- **Data section**
┌──
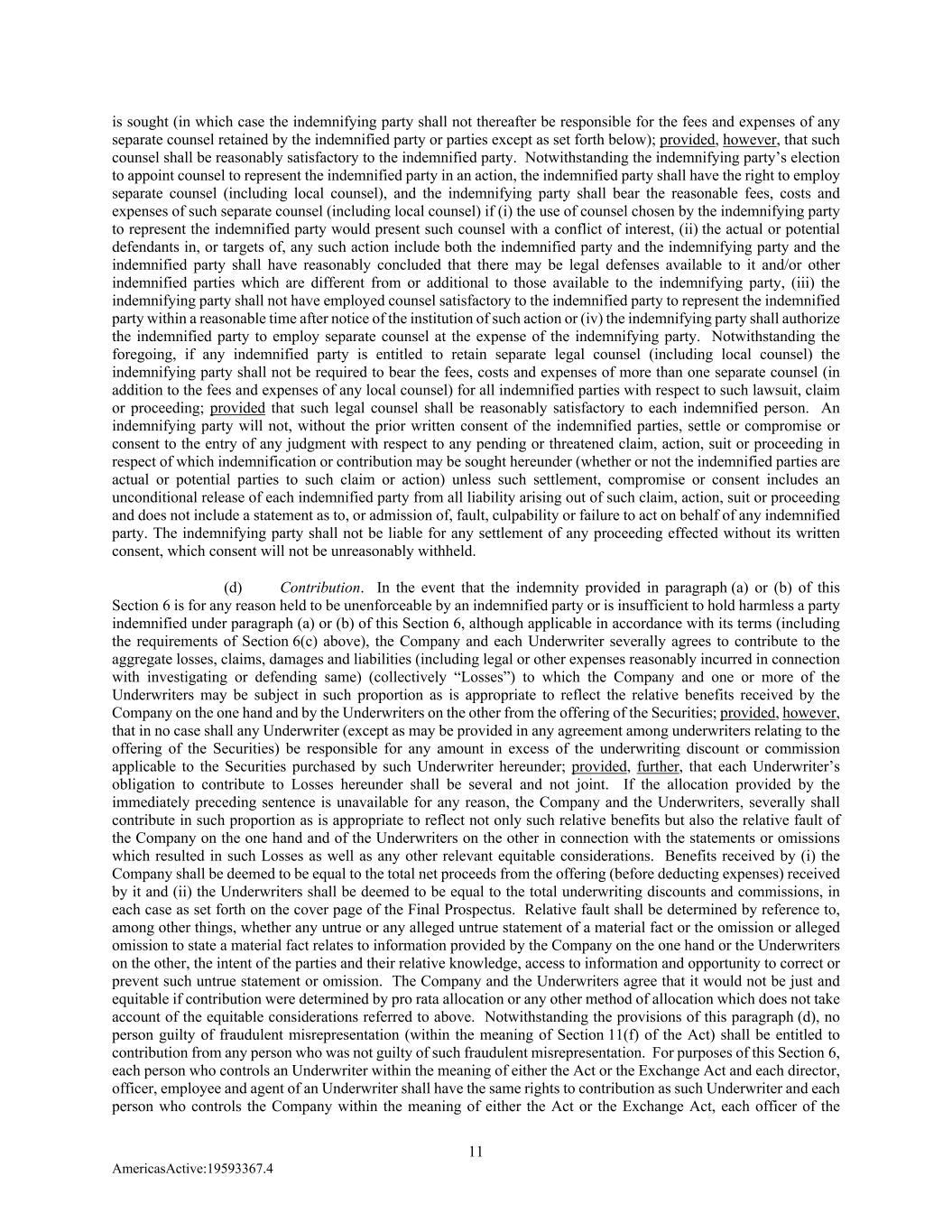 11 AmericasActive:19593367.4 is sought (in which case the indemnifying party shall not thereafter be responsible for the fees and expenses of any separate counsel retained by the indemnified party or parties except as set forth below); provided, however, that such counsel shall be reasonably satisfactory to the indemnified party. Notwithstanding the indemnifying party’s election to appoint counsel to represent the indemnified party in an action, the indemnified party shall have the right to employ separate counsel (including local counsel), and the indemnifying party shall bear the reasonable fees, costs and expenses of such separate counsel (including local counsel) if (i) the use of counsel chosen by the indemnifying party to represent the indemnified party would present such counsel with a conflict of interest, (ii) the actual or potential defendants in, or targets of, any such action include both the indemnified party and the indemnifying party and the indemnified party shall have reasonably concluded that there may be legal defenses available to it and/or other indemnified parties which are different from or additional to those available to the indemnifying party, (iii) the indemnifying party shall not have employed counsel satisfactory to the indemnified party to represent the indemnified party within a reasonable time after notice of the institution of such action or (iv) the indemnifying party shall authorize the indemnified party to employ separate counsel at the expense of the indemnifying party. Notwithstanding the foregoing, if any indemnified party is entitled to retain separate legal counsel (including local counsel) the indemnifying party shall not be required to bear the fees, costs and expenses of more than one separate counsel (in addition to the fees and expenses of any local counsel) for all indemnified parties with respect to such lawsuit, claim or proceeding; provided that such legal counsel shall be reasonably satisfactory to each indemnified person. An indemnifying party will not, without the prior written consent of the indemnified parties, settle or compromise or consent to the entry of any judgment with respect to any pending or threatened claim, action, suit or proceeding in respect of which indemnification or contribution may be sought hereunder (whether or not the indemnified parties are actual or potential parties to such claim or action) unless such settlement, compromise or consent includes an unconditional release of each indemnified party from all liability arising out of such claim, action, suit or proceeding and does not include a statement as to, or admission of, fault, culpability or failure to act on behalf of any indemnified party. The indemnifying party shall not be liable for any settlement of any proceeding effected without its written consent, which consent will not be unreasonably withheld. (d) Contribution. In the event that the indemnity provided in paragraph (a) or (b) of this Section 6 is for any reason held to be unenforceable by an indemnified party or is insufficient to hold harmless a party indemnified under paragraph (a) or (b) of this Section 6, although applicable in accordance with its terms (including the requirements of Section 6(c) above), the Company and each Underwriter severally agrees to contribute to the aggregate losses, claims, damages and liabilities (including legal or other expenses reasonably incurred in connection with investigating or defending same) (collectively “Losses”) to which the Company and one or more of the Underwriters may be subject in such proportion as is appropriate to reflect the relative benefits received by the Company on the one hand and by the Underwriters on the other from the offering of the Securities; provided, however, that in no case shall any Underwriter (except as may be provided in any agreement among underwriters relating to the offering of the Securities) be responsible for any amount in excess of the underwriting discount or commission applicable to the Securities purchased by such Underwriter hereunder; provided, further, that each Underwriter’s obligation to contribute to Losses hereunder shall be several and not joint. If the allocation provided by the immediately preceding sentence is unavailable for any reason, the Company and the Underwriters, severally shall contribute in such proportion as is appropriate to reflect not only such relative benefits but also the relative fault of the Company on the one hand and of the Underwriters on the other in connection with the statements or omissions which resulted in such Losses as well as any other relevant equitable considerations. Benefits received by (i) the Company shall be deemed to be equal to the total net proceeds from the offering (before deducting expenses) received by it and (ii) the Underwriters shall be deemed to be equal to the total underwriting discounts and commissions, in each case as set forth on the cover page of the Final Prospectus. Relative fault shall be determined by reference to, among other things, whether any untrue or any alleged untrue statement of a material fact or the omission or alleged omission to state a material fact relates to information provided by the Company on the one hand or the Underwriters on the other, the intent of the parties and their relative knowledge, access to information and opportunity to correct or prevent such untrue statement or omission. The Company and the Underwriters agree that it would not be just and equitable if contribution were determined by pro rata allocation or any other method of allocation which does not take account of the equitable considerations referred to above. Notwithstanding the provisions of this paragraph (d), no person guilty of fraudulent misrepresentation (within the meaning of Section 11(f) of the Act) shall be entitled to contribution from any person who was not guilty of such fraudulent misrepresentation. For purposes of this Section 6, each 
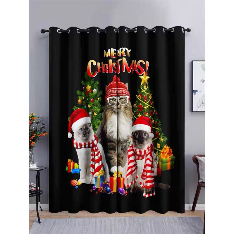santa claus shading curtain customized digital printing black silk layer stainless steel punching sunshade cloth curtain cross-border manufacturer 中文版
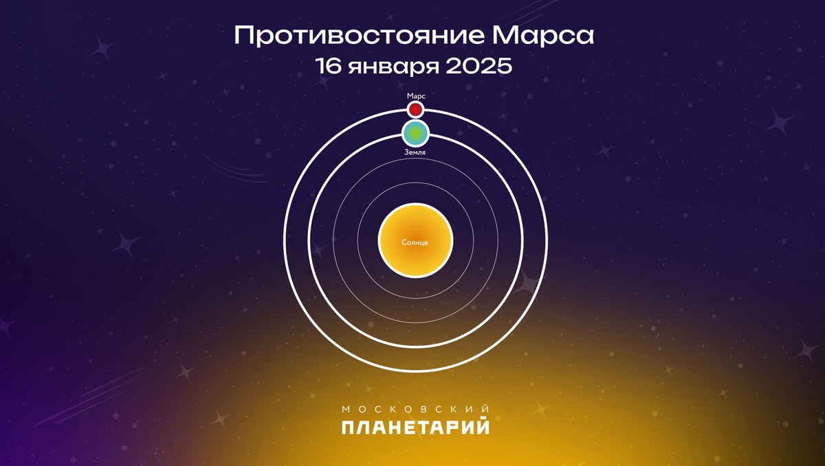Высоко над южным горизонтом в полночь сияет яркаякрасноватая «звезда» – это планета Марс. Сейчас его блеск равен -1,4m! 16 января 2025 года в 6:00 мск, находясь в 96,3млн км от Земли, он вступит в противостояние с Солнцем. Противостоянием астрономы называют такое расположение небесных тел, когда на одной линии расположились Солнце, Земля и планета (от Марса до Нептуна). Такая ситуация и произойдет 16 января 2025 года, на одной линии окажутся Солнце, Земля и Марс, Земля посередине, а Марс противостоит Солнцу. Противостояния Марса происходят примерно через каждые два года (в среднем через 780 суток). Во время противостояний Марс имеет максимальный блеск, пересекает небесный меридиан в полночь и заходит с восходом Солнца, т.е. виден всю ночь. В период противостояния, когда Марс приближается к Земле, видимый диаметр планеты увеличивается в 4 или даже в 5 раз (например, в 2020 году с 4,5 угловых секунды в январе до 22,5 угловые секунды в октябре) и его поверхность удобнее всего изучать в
└──
- **Task item**
Give the listing again word for word, without its images.

- **Exercise response**
 11 AmericasActive:19593367.4 is sought (in which case the indemnifying party shall not thereafter be responsible for the fees and expenses of any separate counsel retained by the indemnified party or parties except as set forth below); provided, however, that such counsel shall be reasonably satisfactory to the indemnified party. Notwithstanding the indemnifying party’s election to appoint counsel to represent the indemnified party in an action, the indemnified party shall have the right to employ separate counsel (including local counsel), and the indemnifying party shall bear the reasonable fees, costs and expenses of such separate counsel (including local counsel) if (i) the use of counsel chosen by the indemnifying party to represent the indemnified party would present such counsel with a conflict of interest, (ii) the actual or potential defendants in, or targets of, any such action include both the indemnified party and the indemnifying party and the indemnified party shall have reasonably concluded that there may be legal defenses available to it and/or other indemnified parties which are different from or additional to those available to the indemnifying party, (iii) the indemnifying party shall not have employed counsel satisfactory to the indemnified party to represent the indemnified party within a reasonable time after notice of the institution of such action or (iv) the indemnifying party shall authorize the indemnified party to employ separate counsel at the expense of the indemnifying party. Notwithstanding the foregoing, if any indemnified party is entitled to retain separate legal counsel (including local counsel) the indemnifying party shall not be required to bear the fees, costs and expenses of more than one separate counsel (in addition to the fees and expenses of any local counsel) for all indemnified parties with respect to such lawsuit, claim or proceeding; provided that such legal counsel shall be reasonably satisfactory to each indemnified person. An indemnifying party will not, without the prior written consent of the indemnified parties, settle or compromise or consent to the entry of any judgment with respect to any pending or threatened claim, action, suit or proceeding in respect of which indemnification or contribution may be sought hereunder (whether or not the indemnified parties are actual or potential parties to such claim or action) unless such settlement, compromise or consent includes an unconditional release of each indemnified party from all liability arising out of such claim, action, suit or proceeding and does not include a statement as to, or admission of, fault, culpability or failure to act on behalf of any indemnified party. The indemnifying party shall not be liable for any settlement of any proceeding effected without its written consent, which consent will not be unreasonably withheld. (d) Contribution. In the event that the indemnity provided in paragraph (a) or (b) of this Section 6 is for any reason held to be unenforceable by an indemnified party or is insufficient to hold harmless a party indemnified under paragraph (a) or (b) of this Section 6, although applicable in accordance with its terms (including the requirements of Section 6(c) above), the Company and each Underwriter severally agrees to contribute to the aggregate losses, claims, damages and liabilities (including legal or other expenses reasonably incurred in connection with investigating or defending same) (collectively “Losses”) to which the Company and one or more of the Underwriters may be subject in such proportion as is appropriate to reflect the relative benefits received by the Company on the one hand and by the Underwriters on the other from the offering of the Securities; provided, however, that in no case shall any Underwriter (except as may be provided in any agreement among underwriters relating to the offering of the Securities) be responsible for any amount in excess of the underwriting discount or commission applicable to the Securities purchased by such Underwriter hereunder; provided, further, that each Underwriter’s obligation to contribute to Losses hereunder shall be several and not joint. If the allocation provided by the immediately preceding sentence is unavailable for any reason, the Company and the Underwriters, severally shall contribute in such proportion as is appropriate to reflect not only such relative benefits but also the relative fault of the Company on the one hand and of the Underwriters on the other in connection with the statements or omissions which resulted in such Losses as well as any other relevant equitable considerations. Benefits received by (i) the Company shall be deemed to be equal to the total net proceeds from the offering (before deducting expenses) received by it and (ii) the Underwriters shall be deemed to be equal to the total underwriting discounts and commissions, in each case as set forth on the cover page of the Final Prospectus. Relative fault shall be determined by reference to, among other things, whether any untrue or any alleged untrue statement of a material fact or the omission or alleged omission to state a material fact relates to information provided by the Company on the one hand or the Underwriters on the other, the intent of the parties and their relative knowledge, access to information and opportunity to correct or prevent such untrue statement or omission. The Company and the Underwriters agree that it would not be just and equitable if contribution were determined by pro rata allocation or any other method of allocation which does not take account of the equitable considerations referred to above. Notwithstanding the provisions of this paragraph (d), no person guilty of fraudulent misrepresentation (within the meaning of Section 11(f) of the Act) shall be entitled to contribution from any person who was not guilty of such fraudulent misrepresentation. For purposes of this Section 6, each 
santa claus shading curtain customized digital printing black silk layer stainless steel punching sunshade cloth curtain cross-border manufacturer 中文版
Высоко над южным горизонтом в полночь сияет яркаякрасноватая «звезда» – это планета Марс. Сейчас его блеск равен -1,4m! 16 января 2025 года в 6:00 мск, находясь в 96,3млн км от Земли, он вступит в противостояние с Солнцем. Противостоянием астрономы называют такое расположение небесных тел, когда на одной линии расположились Солнце, Земля и планета (от Марса до Нептуна). Такая ситуация и произойдет 16 января 2025 года, на одной линии окажутся Солнце, Земля и Марс, Земля посередине, а Марс противостоит Солнцу. Противостояния Марса происходят примерно через каждые два года (в среднем через 780 суток). Во время противостояний Марс имеет максимальный блеск, пересекает небесный меридиан в полночь и заходит с восходом Солнца, т.е. виден всю ночь. В период противостояния, когда Марс приближается к Земле, видимый диаметр планеты увеличивается в 4 или даже в 5 раз (например, в 2020 году с 4,5 угловых секунды в январе до 22,5 угловые секунды в октябре) и его поверхность удобнее всего изучать в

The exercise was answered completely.